GOAL OF THE EXERCISE:
A faithful copy of the data is what is wanted, minus any pictures.

DATA SHOWN:
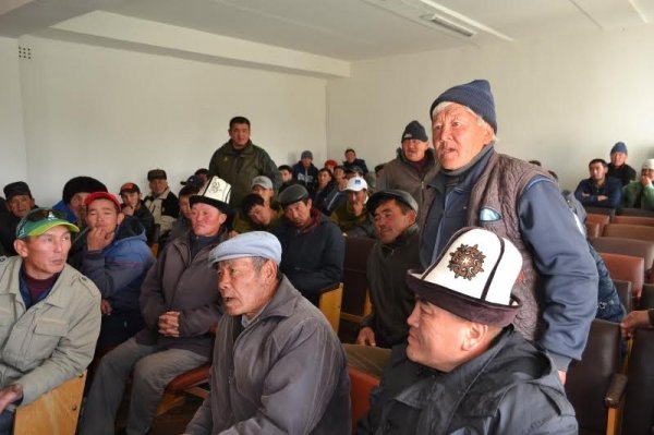 В Ак-Талинском районе жители села Баетов собрались в здании госадминистрации выразить протест из-за приостановления добычи угля и повышения цен (фото, видео)
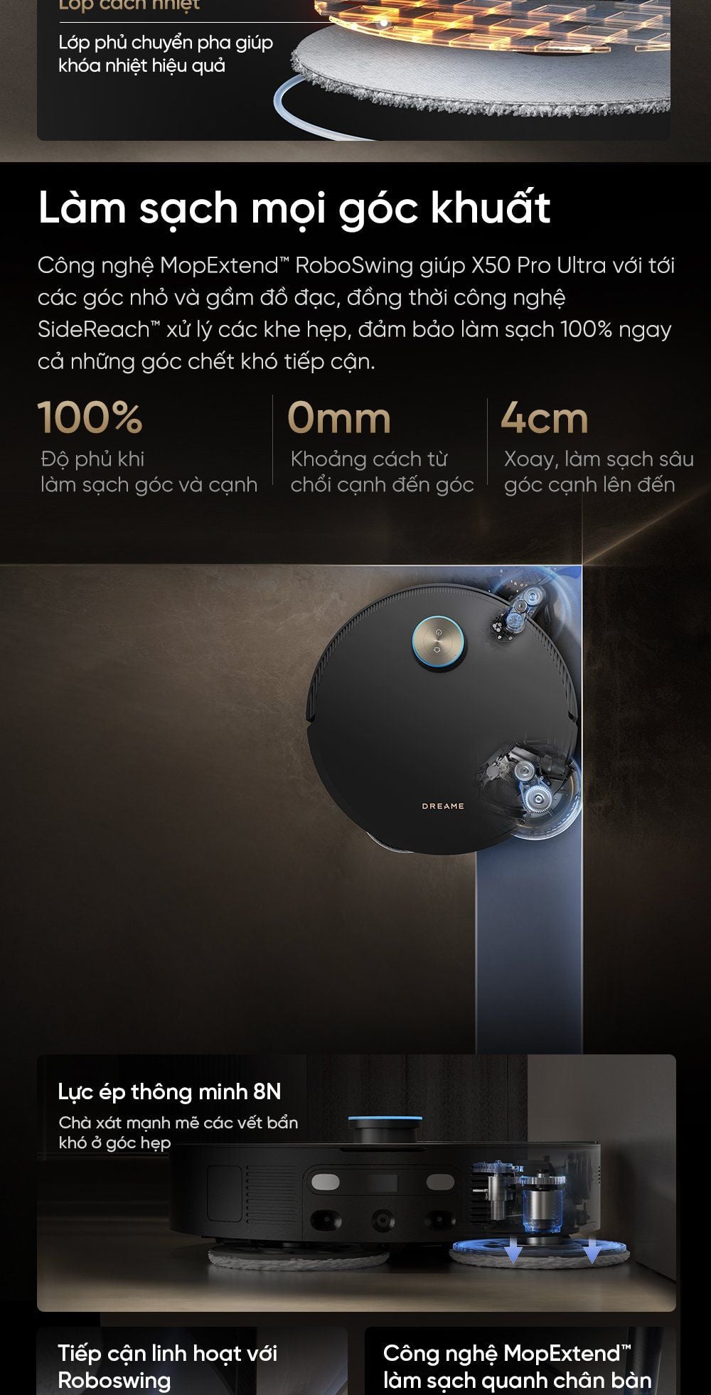 - Công nghệ MopExtend™ RoboSwing và SideReach™ giúp robot vươn tới mọi góc nhỏ, khe hẹp và gầm đồ đạc, đảm bảo làm sạch tuyệt đối.
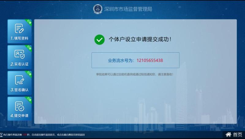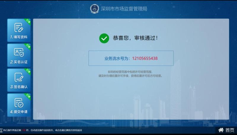 经营者完成信息提交,等待审核,审核结果可通过营业执照自助领证机查询或等待短信告知。

OUTPUT FOR THIS TASK:
 В Ак-Талинском районе жители села Баетов собрались в здании госадминистрации выразить протест из-за приостановления добычи угля и повышения цен (фото, видео)
 - Công nghệ MopExtend™ RoboSwing và SideReach™ giúp robot vươn tới mọi góc nhỏ, khe hẹp và gầm đồ đạc, đảm bảo làm sạch tuyệt đối.
 经营者完成信息提交,等待审核,审核结果可通过营业执照自助领证机查询或等待短信告知。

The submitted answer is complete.